Heading the list of consumers' concerns was the safety of funds (47 per cent), followed by the Federal Government's tax take (37 per cent), then low returns (32 per cent), and fees and charges (21 per cent). But the negative returns seem to have made people more aware of their investments with 48 per cent reported having read their annual statements.

The research was commissioned by the Association of Superannuation Funds of 706 people aged between 25 and 64. The survey results surprised ASFA, with CEO Philippa Smith describing fund members' reactions as “fairly benign”. ANOP's Rod Cameron said it's a case of “so far, so good” but he warned the super industry not to be complacent.

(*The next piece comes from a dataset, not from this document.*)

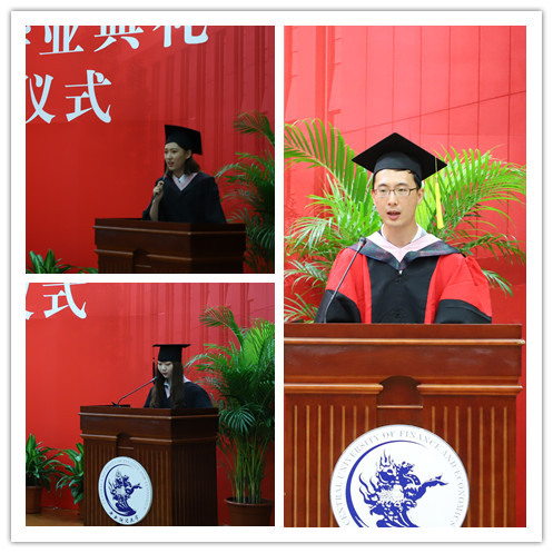 作为2018届毕业生的代表,2014级1班杜文竹和2班陈怡莹代表全体毕业生上台发言,她们表示要继续用行动践行当代青年有责任、敢担当、有勇气、讲奉献的青春风采,兑现为母校和学院争辉添彩的豪情壮志,也希望母校和学院越来越好、老师们身体健康、桃李满天下。

He said one year's grace may not endure and if more bad years are to come the industry should be preparing the community – carefully, without leading to a loss of faith in super as an investment.

Another survey result was released by ASFA, one undertaken by Ageing Agendas to determine how well people understand product disclosure statements. The survey indicated that ASFA-designed PDSs lead to better understanding than the Government's proposed “ongoing management charge” which has now been abandoned. Eighty per cent of the survey respondents saw the OMC as an additional charge.

Overall, only 10 per cent could answer correctly 90 per cent of the questions on what was in the PDSs. The result was the same whether people were tertiary-qualified or not.

Australian Financial Review, 15/11/02, p71.